§ **ACTION ITEM**: The entries below contain pictures, which are to be left out; write out exactly, and only, the lines from the line with "konuje zakupu pierwszych" up to and including the line with "ขนาด D5xW200XH75.5 cm น้ำหนัก 24.5 Kg / ชิ้น".

§ **DATA**:
- - - - - - -

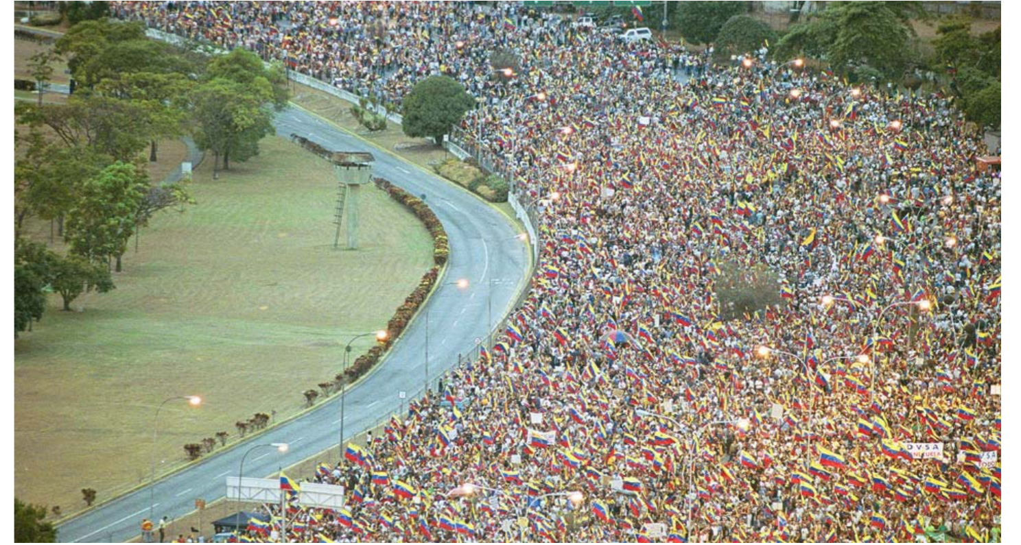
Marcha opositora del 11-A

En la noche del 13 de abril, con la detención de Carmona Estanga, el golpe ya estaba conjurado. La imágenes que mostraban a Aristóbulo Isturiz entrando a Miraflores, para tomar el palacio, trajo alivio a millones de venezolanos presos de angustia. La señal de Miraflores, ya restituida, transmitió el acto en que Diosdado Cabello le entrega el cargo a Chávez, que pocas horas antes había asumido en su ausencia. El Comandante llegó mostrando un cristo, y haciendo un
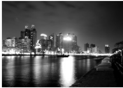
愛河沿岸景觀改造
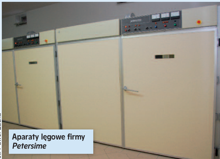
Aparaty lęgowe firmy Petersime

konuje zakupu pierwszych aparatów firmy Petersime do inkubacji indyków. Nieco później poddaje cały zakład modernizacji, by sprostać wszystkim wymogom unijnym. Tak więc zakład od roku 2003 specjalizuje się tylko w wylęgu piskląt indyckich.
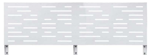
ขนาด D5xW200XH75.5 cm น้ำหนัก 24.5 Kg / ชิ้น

- - - - - - -

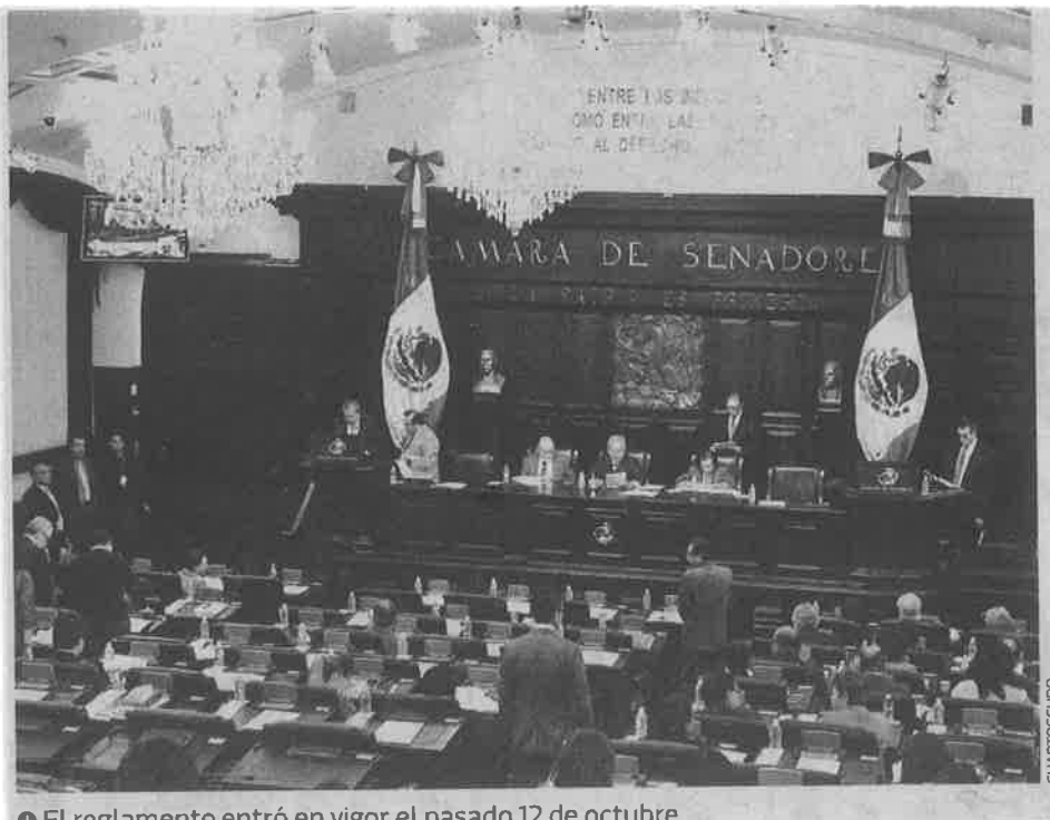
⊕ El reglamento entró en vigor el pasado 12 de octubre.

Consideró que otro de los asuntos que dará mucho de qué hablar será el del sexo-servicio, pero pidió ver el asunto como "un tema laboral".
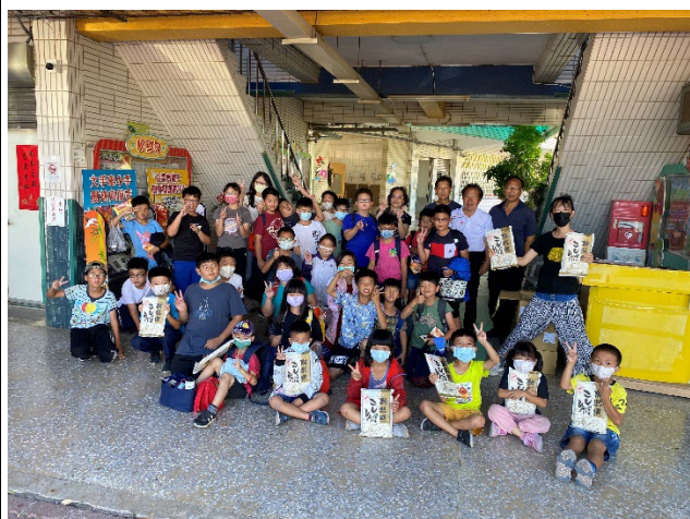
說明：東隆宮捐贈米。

- - - - - - -

§ **ANSWER SECTION**:
konuje zakupu pierwszych aparatów firmy Petersime do inkubacji indyków. Nieco później poddaje cały zakład modernizacji, by sprostać wszystkim wymogom unijnym. Tak więc zakład od roku 2003 specjalizuje się tylko w wylęgu piskląt indyckich.
ขนาด D5xW200XH75.5 cm น้ำหนัก 24.5 Kg / ชิ้น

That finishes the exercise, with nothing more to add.